_Exercise goal_.
What is needed is a word-for-word copy of the lines below from the one with "parent是指出該結(ji" through the one with "Micro-La Jeans 스트레치", both included, with every picture left out.

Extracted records
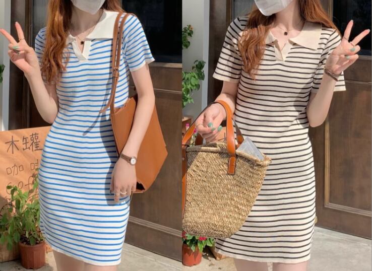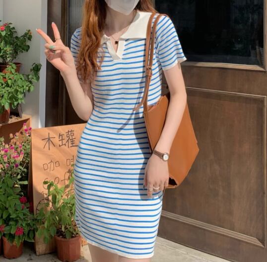 レディース ワンピース プルオーバー ニットワンピ ミニ ショート 長袖 Vネック 襟付き ポロカラー タイト スリム 細身 ハイウエスト ストレッチ 伸縮性 かわいい 大人可愛い シンプル カジュアル 上品 おしゃれ レトロ ラフ スポーティー ガーリー キュート ラグジュアリー アクティブ ボーダー 夏 10代 20代 学生 デート お出かけ 普段使い フリーサイズ 小さめ フィット ブルー アプリコット
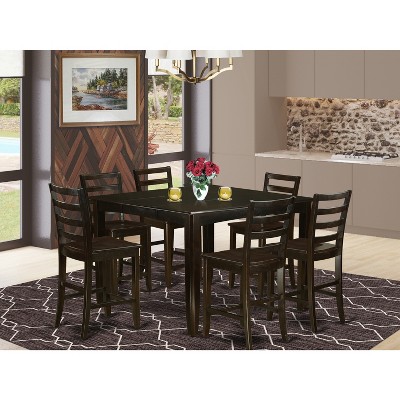 - dark brown dining table set for 6
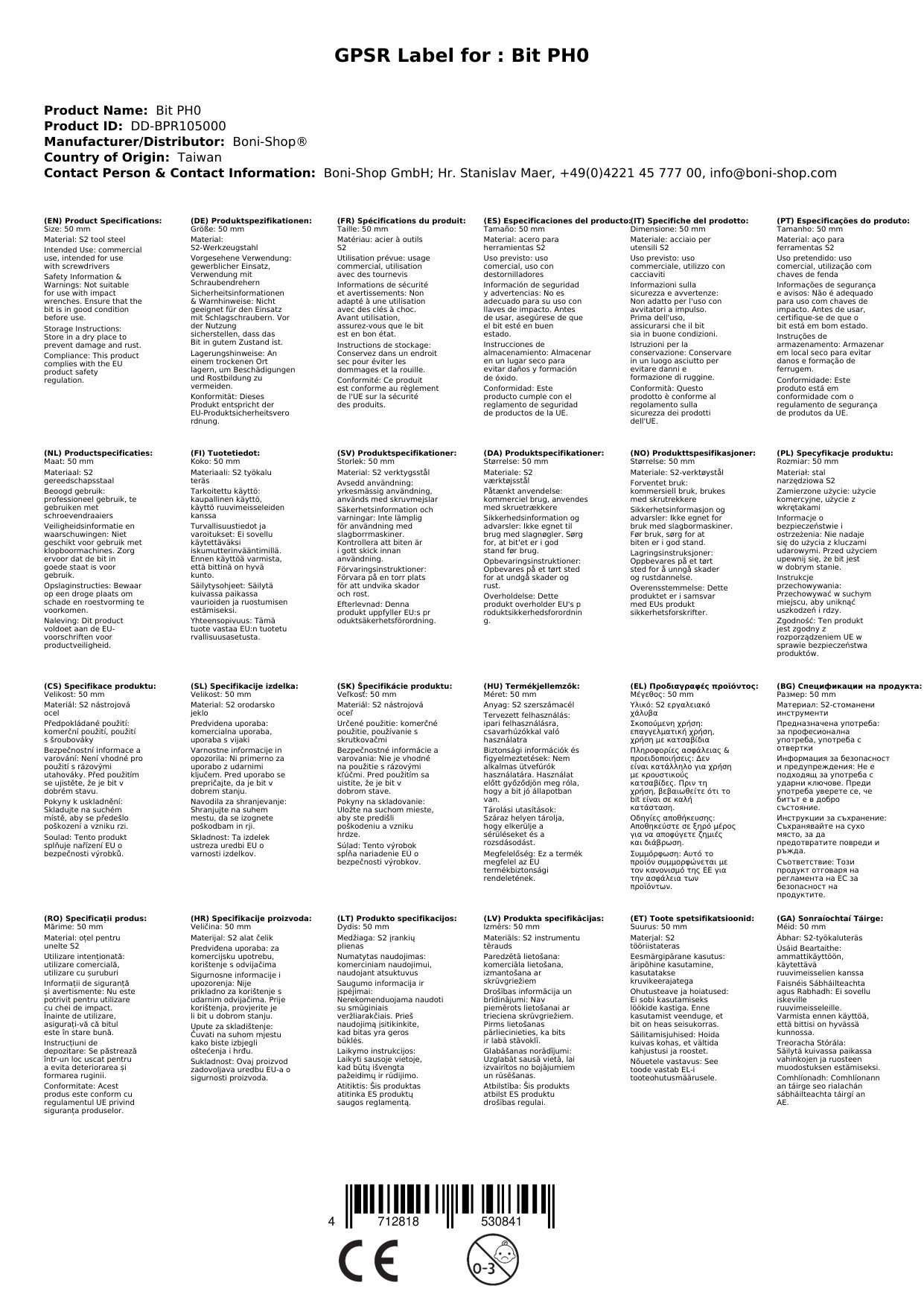 Tá an giotán PH0 ó Boni-Shop déanta as cruach S2 láidir agus cuireann sé cruas agus friotaíocht ard ar fáil duit. Le fad 50mm, is féidir leat áiteanna deacra a bhaint amach freisin. Cinntíonn an gléas 1/4 orlach comhtháthú éasca i do raon uirlisí atá ann cheana féin. Cén fáth go bhfuil sé seo tábhachtach duit: Faigheann tú uirlis fhadtéarmach agus iontaofa le haghaidh úsáide laethúla.
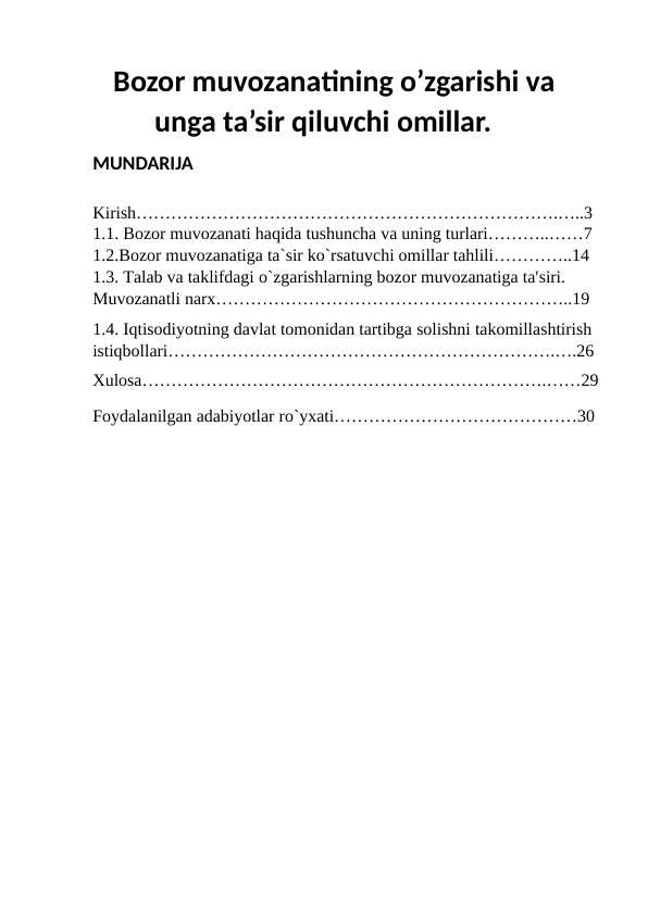 Bozor muvozanatining o’zgarishi va unga ta’sir qiluvchi omillar.
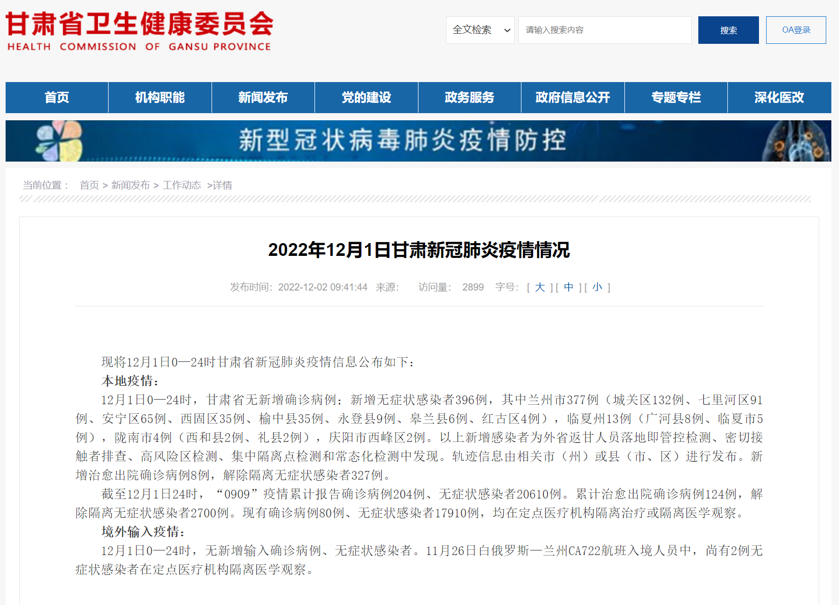 央廣網蘭州12月2日消息(記者邸文炯)據甘肅省衛健委通報,12月1日0—24時,甘肅省無新增確診病例;新增無癥狀感染者396例,其中蘭州市377例(城關區132例、七里河區91例、安寧區65例、西固區35例、榆中縣35例、永登縣9例、皋蘭縣6例、紅古區4例),臨夏州13例(廣河縣8例、臨夏市5例),隴南市4例(西和縣2例、禮縣2例),慶陽市西峰區2例。以上新增感染者為外省返甘人員落地即管控檢測、密切接觸者排查、高風險區檢測、集中隔離點檢測和常態化檢測中發現。軌跡信息由相關市(州)或縣(市、區)進行發布。新增治愈出院確診病例8例,解除隔離無癥狀感染者327例。
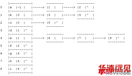 parent是指出該結(jié)點的雙親結(jié)點在數(shù)組中的下標(biāo);
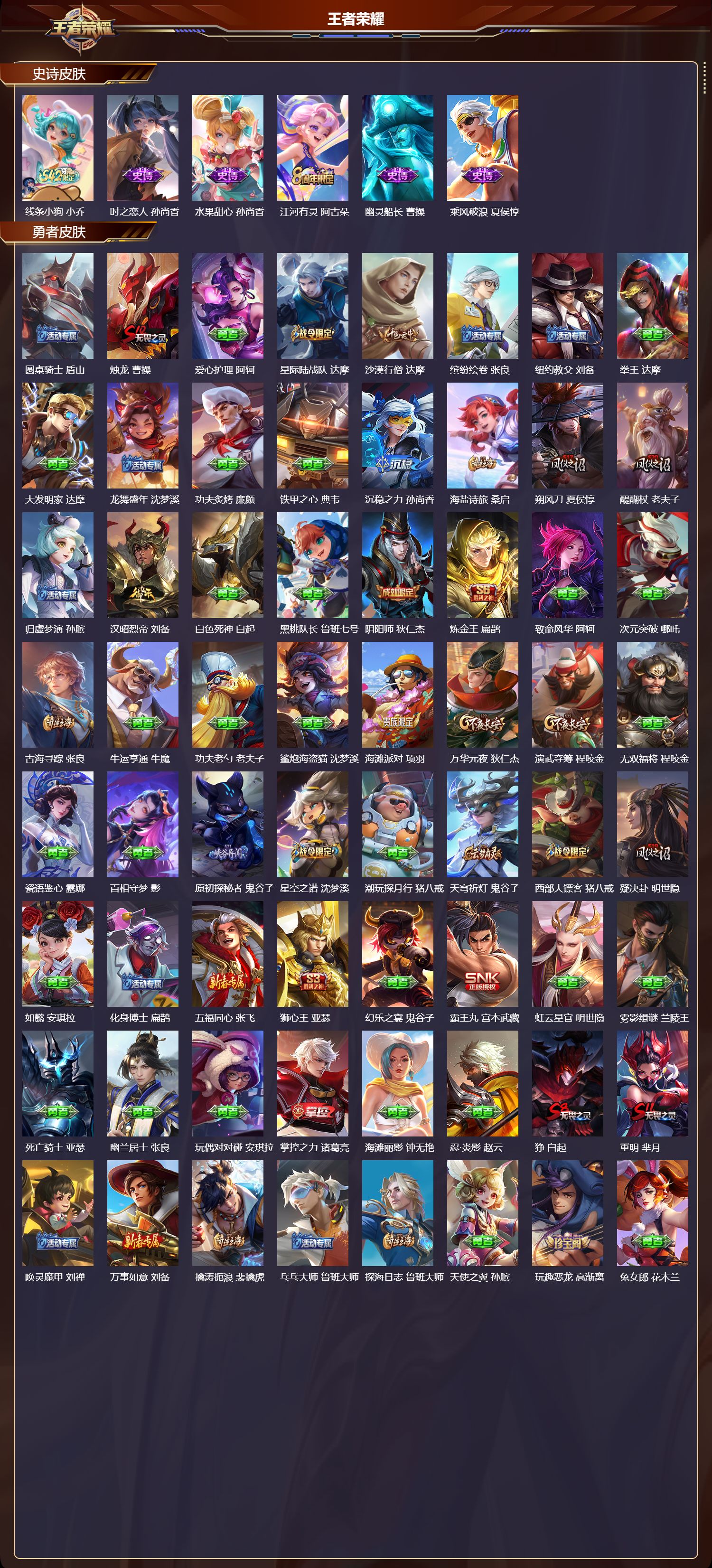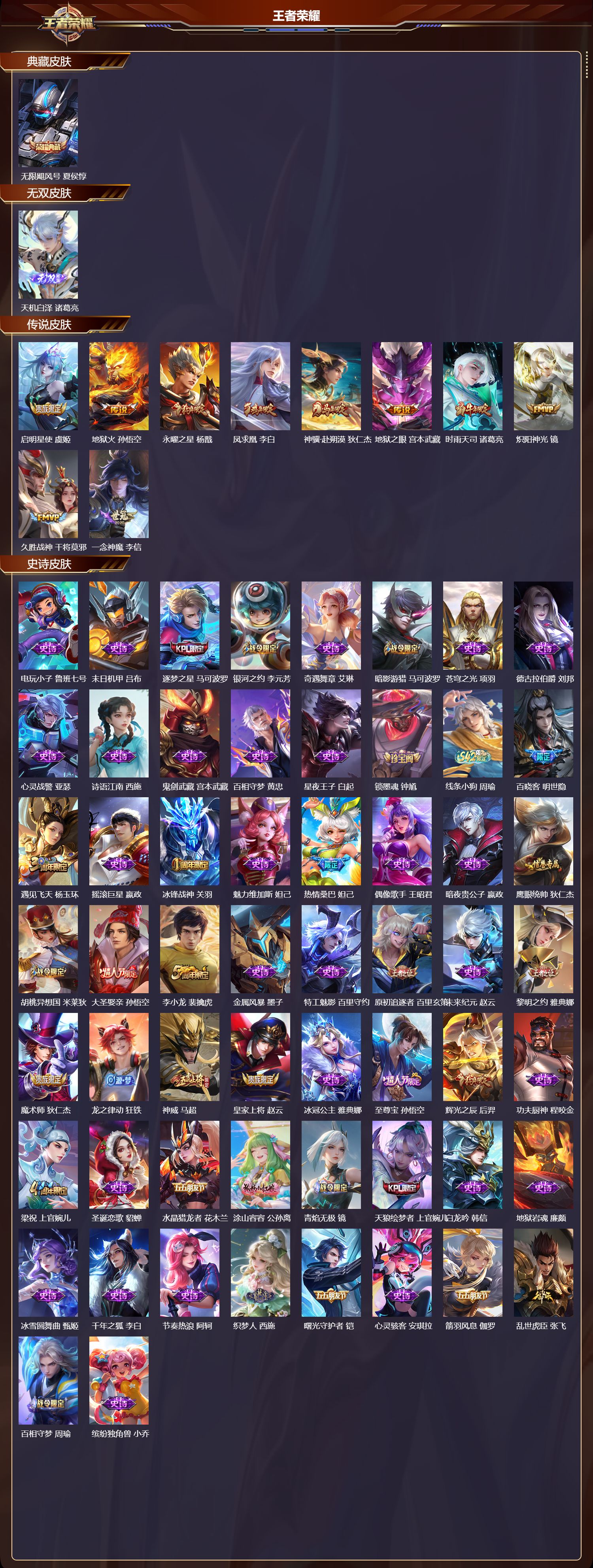 苹果QQ/永恒钻石/220皮肤/128英雄/1典藏/0珍品无双/1无双/0珍品传说/10传说/64史诗/8稀有英雄【1 典藏皮肤】无限飓风号 夏侯惇,【1 无双皮肤】天机白泽 诸葛亮,【10 传说皮肤】启明星使 虞姬,地狱火 孙悟空,永曜之星 杨戬,凤求凰 李白,神骥·赴朔漠 狄仁杰,地狱之眼 宫本武藏,时雨天司 诸葛亮,炽阳神光 镜,久胜战神 干将莫邪,一念神魔 李信,【64 史诗皮肤】电玩小子
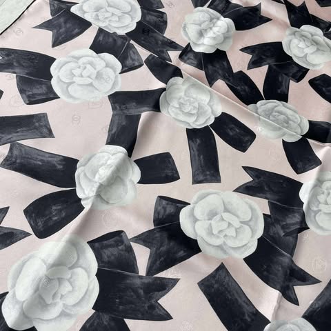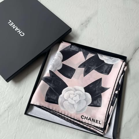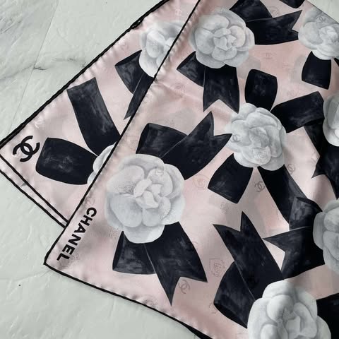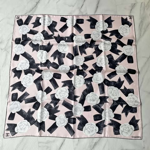Chanel 25a山茶花蝴蝶結方巾 全新全配香港購證 淺淺的粉色 個人認為這季最美的一條 尺寸90*90cm 細節超級美
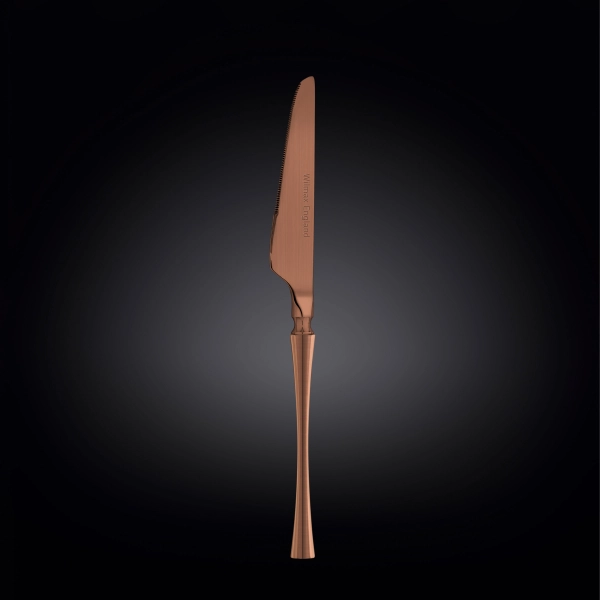 Утонченный столовый нож из коллекции Diva Wilmax изготовлен из высококачественной нержавеющей стали марки 18/10 цвета бронзы. Столовые ножи, как и все стальные изделия WILMAX прочны и устойчивы к коррозии, деформации и притуплению, а также к образованию пятен на их поверхности, вызванных воздействием щелочей и кислот. Они абсолютно безопасны и не изменяют вкусовые качества, запах и цвет пищи, так как не вступают в реакцию с ее компонентами. Легко моются, сохраняя при этом яркий, привлекательный внешний вид, а также подходят для посудомоечных машин.
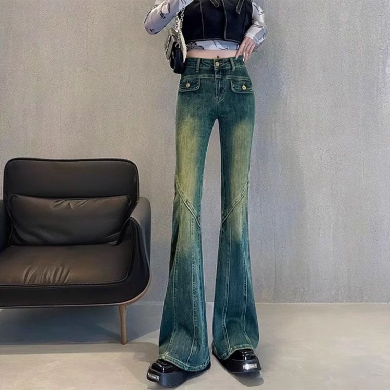 Micro-La Jeans 스트레치 새로운 슬림 2025 레트로 블루 틈새 여성의 캐주얼 높은 허리 플라 바지 그림스토어 가기
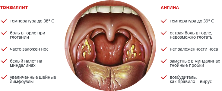 Симптоматика хронического тонзиллита похожа на ангину, но не сильно выражена. Появляется неприятный запах изо рта. Общее недомогание не всегда связано с повышением температуры тела. На миндалинах формируются казеозные пробки. Главным отличием является заложенность носа. Для ангины характерным является резкая боль в горле, ломота суставов. При тонзиллите такие проявления отсутствуют или выражены слабо. Часто пробки при нем носят творожистый характер.
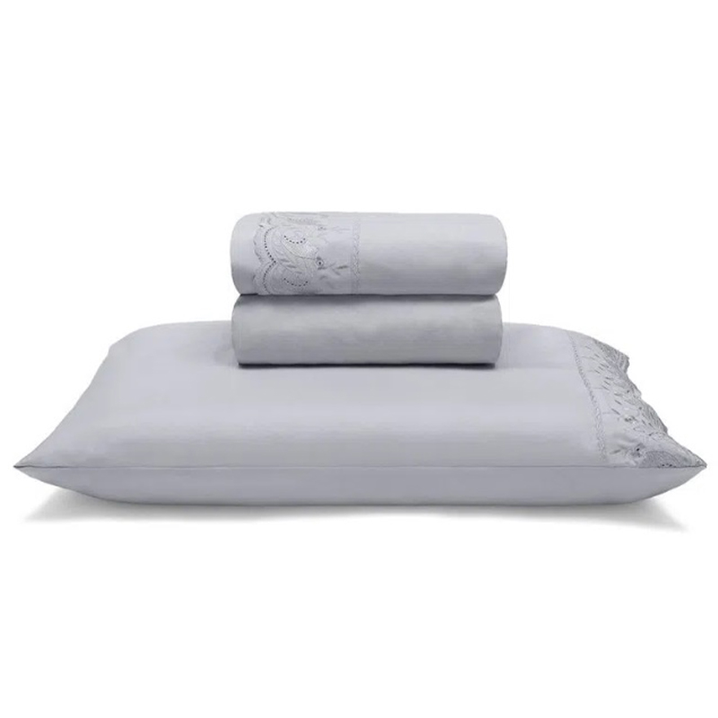 Jogo de Cama Buettner Solteiro Linha Sonata c/ Renda Elga 3 peças Cinza
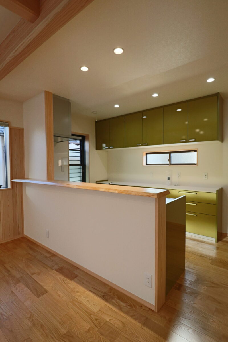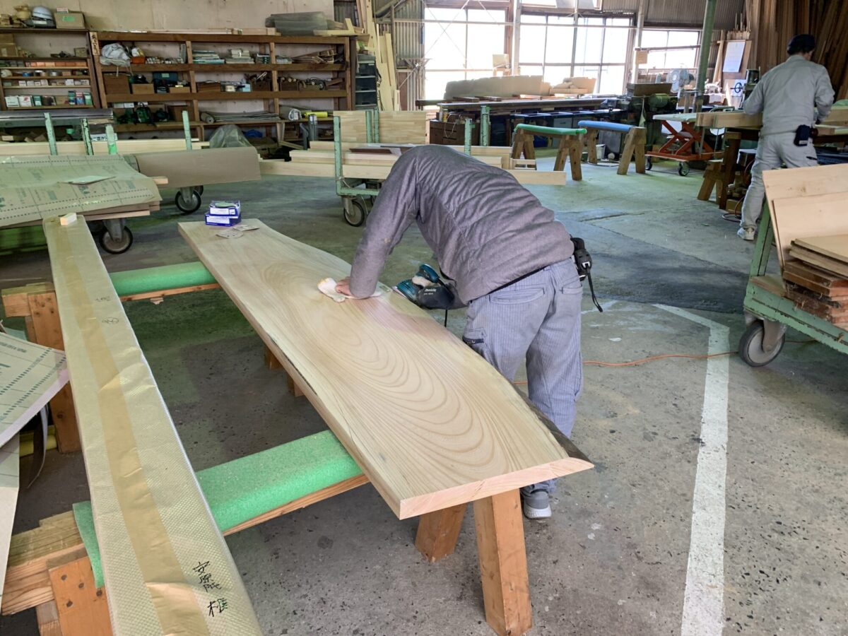 桧の天然木一枚板のキッチンカウンターの工場加工。取り付け完了。
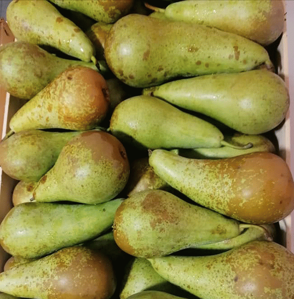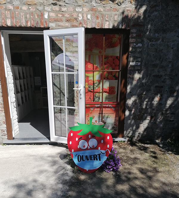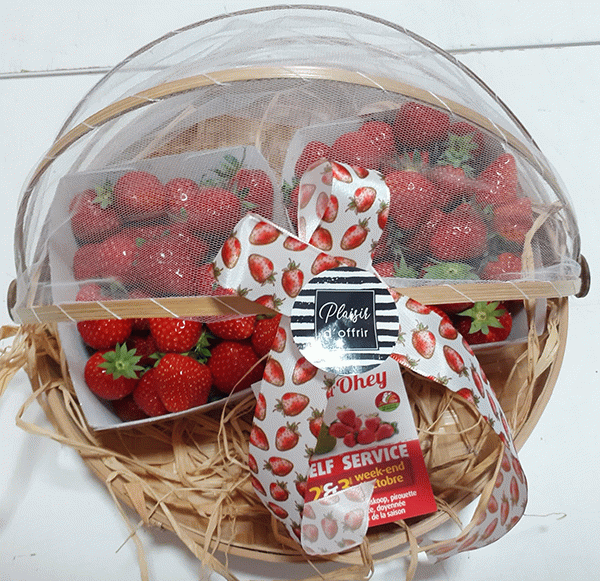 Fruits frais : pommes, poires, fraises.
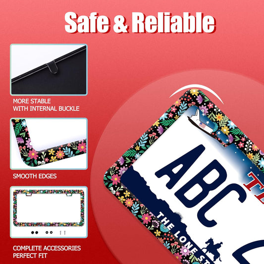 Flowers Floral License Plate Frames - 2 Pcs Set 2 Holes Metal Aluminum Auto Car Accessories Decoration License Plate Frame 12.2 x 6.3 inch for Women Men Gift

_Solution to the exercise_.
 parent是指出該結(jié)點的雙親結(jié)點在數(shù)組中的下標(biāo);
 苹果QQ/永恒钻石/220皮肤/128英雄/1典藏/0珍品无双/1无双/0珍品传说/10传说/64史诗/8稀有英雄【1 典藏皮肤】无限飓风号 夏侯惇,【1 无双皮肤】天机白泽 诸葛亮,【10 传说皮肤】启明星使 虞姬,地狱火 孙悟空,永曜之星 杨戬,凤求凰 李白,神骥·赴朔漠 狄仁杰,地狱之眼 宫本武藏,时雨天司 诸葛亮,炽阳神光 镜,久胜战神 干将莫邪,一念神魔 李信,【64 史诗皮肤】电玩小子
Chanel 25a山茶花蝴蝶結方巾 全新全配香港購證 淺淺的粉色 個人認為這季最美的一條 尺寸90*90cm 細節超級美
 Утонченный столовый нож из коллекции Diva Wilmax изготовлен из высококачественной нержавеющей стали марки 18/10 цвета бронзы. Столовые ножи, как и все стальные изделия WILMAX прочны и устойчивы к коррозии, деформации и притуплению, а также к образованию пятен на их поверхности, вызванных воздействием щелочей и кислот. Они абсолютно безопасны и не изменяют вкусовые качества, запах и цвет пищи, так как не вступают в реакцию с ее компонентами. Легко моются, сохраняя при этом яркий, привлекательный внешний вид, а также подходят для посудомоечных машин.
 Micro-La Jeans 스트레치 새로운 슬림 2025 레트로 블루 틈새 여성의 캐주얼 높은 허리 플라 바지 그림스토어 가기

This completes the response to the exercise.